Одновременно все это не было похоже на экологическую катастрофу. Если и произошли какие-то воздействия, природа им сопротивлялась. Густая мошкара, краса и бич корундовой реки, по-прежнему толклась столбами во всяком воздушном просвете, брызгая на кожу, будто масло с раскаленной сковородки. Невидимые птицы подавали голоса то тут, то там: звуки были механические, с хрипотцой, словно у старых, спросонок бьющих часов, а маленький черемуховый куст весь звенел, будто мешочек серебряных монет. Звуки блуждали, теряя свой первоисточник; розовое солнце не только светило, сколько пропитывало мутный воздух, и гранитные скалы казались кляксами на рыхлой промокашке. Красота, которую профессор, отправляясь в экспедицию, надеялся не увидеть больше, никуда не делась, лишь приподнялась над почвой, отчего казалось, будто небо начинается буквально в метре над землей.

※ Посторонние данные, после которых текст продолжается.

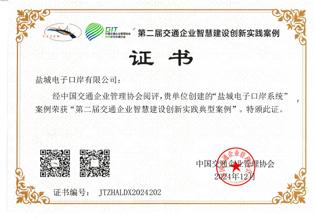 近日,從全國第二屆交通企業(yè)智慧建設(shè)創(chuàng)新實(shí)踐案例發(fā)布會傳來喜訊,鹽城港集團(tuán)“一體化海河聯(lián)運(yùn)集裝箱生產(chǎn)管理系統(tǒng)”“鹽城電子口岸平臺”兩項(xiàng)成果入選第二屆交通企業(yè)智慧建設(shè)創(chuàng)新實(shí)踐-典型案例。

Анфилогов, озираясь, чувствовал себя отравленным. Впервые за многие годы незаконных экспедиций, всегда приносивших профессору деньги и чувство свободы, ему захотелось оказаться дома, укутать ноги стариковским пледом, побаловать себя чайком и чем-нибудь необязательным, вроде шахматной партии, которая давным-давно пылилась на доске, поставленная, как на тормоз, на застрявшего у черных белого коня, в то время как противник Анфилогова, профессор Сорбонны, обходительный каверзник с внешностью Бабы-яги, переодетой в мешковатые брюки и старый твидовый пиджак, четыре года как не звонил. Тут же Анфилогов осознал, что недоигранная партия обмелела до дна: из нее давно ушли энергия и мысль, фигуры, забывшие друг о друге, съехали со своих завоеванных клеток и стояли пыльные, со старыми следами пальцев, похожими на следы от моли на сером сукне. Теперь Анфилогов припомнил, что на этой доске, сквозь все свои возможности и все гипотетические промахи милейшего Вальмона, ему буквально черным по белому виделся проигрыш. Может, он зря держал у себя на полке натюрморт с таким содержимым. Распределение скальных и древесных групп у корундовых шурфов, отстоявшееся и отпечатавшееся в памяти за год отсутствия, внезапно тоже показалось Анфилогову недоигранной шахматной партией. Не напрасно ли он вернулся? Кто его настоящий противник? Не содержится ли все тот же проигрыш в этом почти невинном, а все-таки неуловимо грозном пейзаже? И с ним ли играют горные духи, опять повесившие над пришельцами маленькое НЛО, похожее в тумане на мягкий шерстяной клубок?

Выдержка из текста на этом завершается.